■ Task details: Write out the lines below exactly, beginning at the one with "Uczniowie otrzymali od" and stopping after the one with "Консолидированные финансовые показатели"; the pictures are not copied.

== Data for analysis

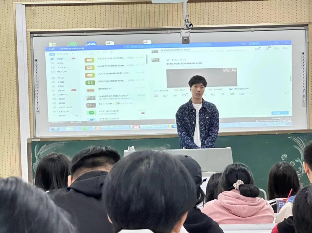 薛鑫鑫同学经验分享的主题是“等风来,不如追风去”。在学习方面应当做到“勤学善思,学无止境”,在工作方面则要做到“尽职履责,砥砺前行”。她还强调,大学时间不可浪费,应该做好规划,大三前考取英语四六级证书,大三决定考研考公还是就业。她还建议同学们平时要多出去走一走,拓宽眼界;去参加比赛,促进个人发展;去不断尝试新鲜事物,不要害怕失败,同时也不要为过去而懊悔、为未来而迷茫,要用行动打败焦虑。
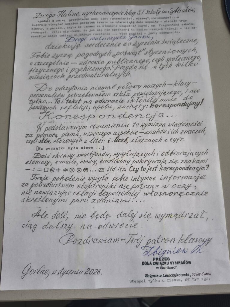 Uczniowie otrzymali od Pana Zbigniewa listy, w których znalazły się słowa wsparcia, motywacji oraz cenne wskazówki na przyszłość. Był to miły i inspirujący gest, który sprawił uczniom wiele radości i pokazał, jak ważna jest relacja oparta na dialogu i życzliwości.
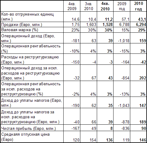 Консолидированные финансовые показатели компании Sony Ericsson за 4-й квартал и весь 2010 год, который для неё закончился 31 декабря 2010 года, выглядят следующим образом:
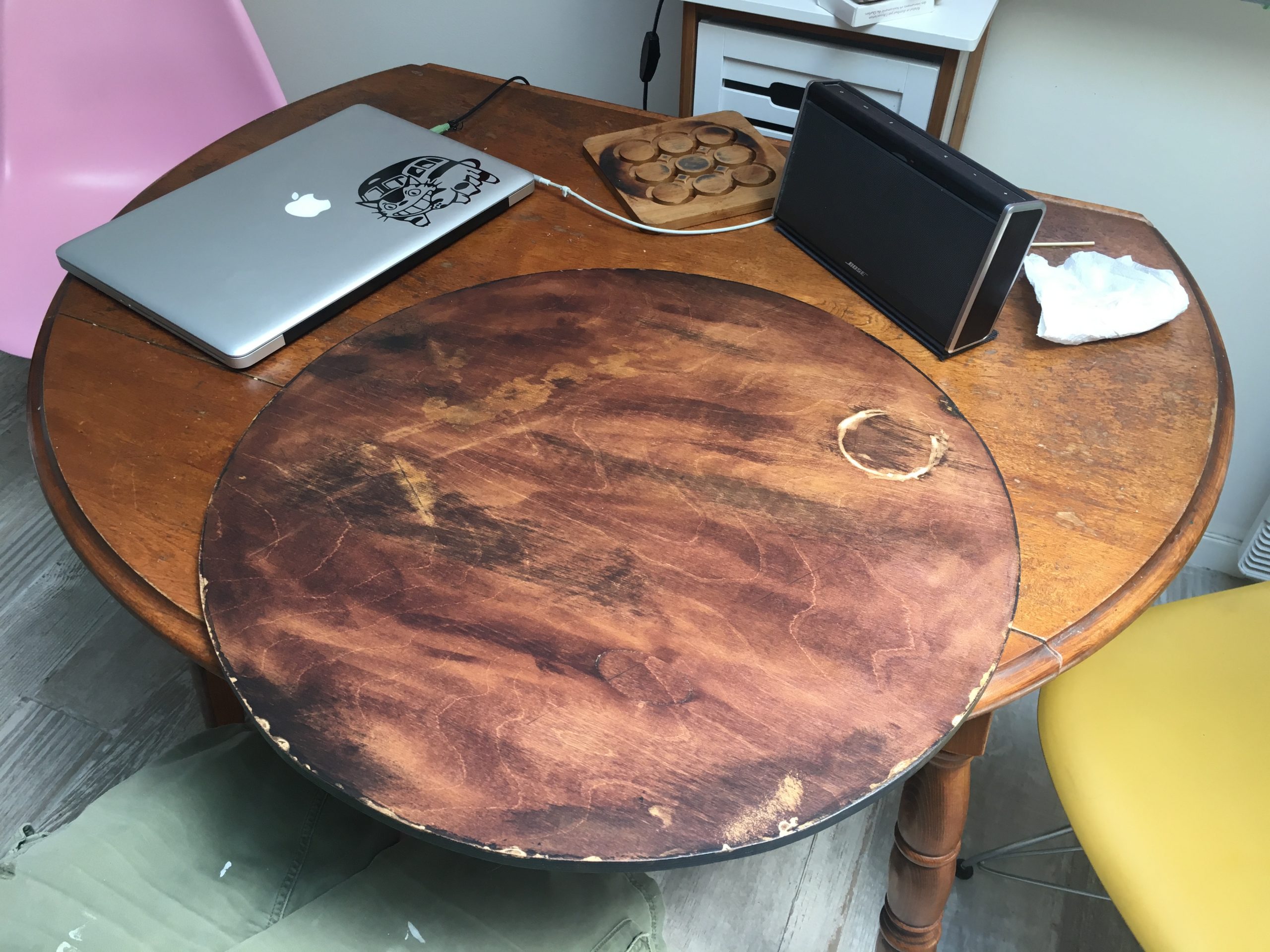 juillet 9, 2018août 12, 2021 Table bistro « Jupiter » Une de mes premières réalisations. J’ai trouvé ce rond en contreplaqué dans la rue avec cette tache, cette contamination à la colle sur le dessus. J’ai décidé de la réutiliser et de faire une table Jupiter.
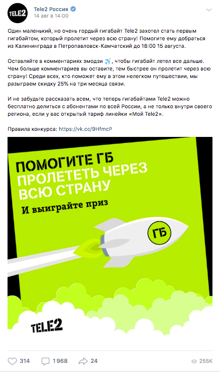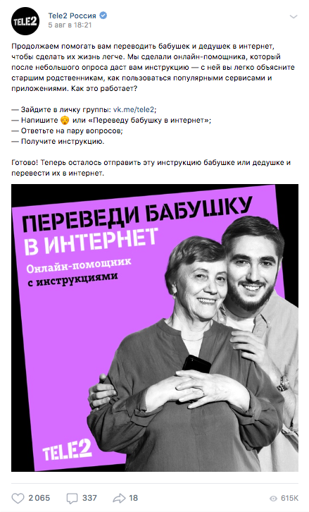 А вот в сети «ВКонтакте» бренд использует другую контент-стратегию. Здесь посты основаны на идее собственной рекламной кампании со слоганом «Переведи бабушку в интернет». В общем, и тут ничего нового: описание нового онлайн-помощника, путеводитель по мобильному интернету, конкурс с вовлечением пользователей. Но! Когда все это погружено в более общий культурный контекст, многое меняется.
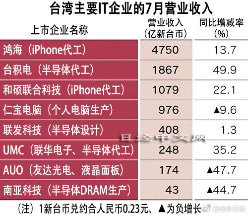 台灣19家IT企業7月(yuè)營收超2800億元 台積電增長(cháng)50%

====

■ Task result:
 Uczniowie otrzymali od Pana Zbigniewa listy, w których znalazły się słowa wsparcia, motywacji oraz cenne wskazówki na przyszłość. Był to miły i inspirujący gest, który sprawił uczniom wiele radości i pokazał, jak ważna jest relacja oparta na dialogu i życzliwości.
 Консолидированные финансовые показатели компании Sony Ericsson за 4-й квартал и весь 2010 год, который для неё закончился 31 декабря 2010 года, выглядят следующим образом:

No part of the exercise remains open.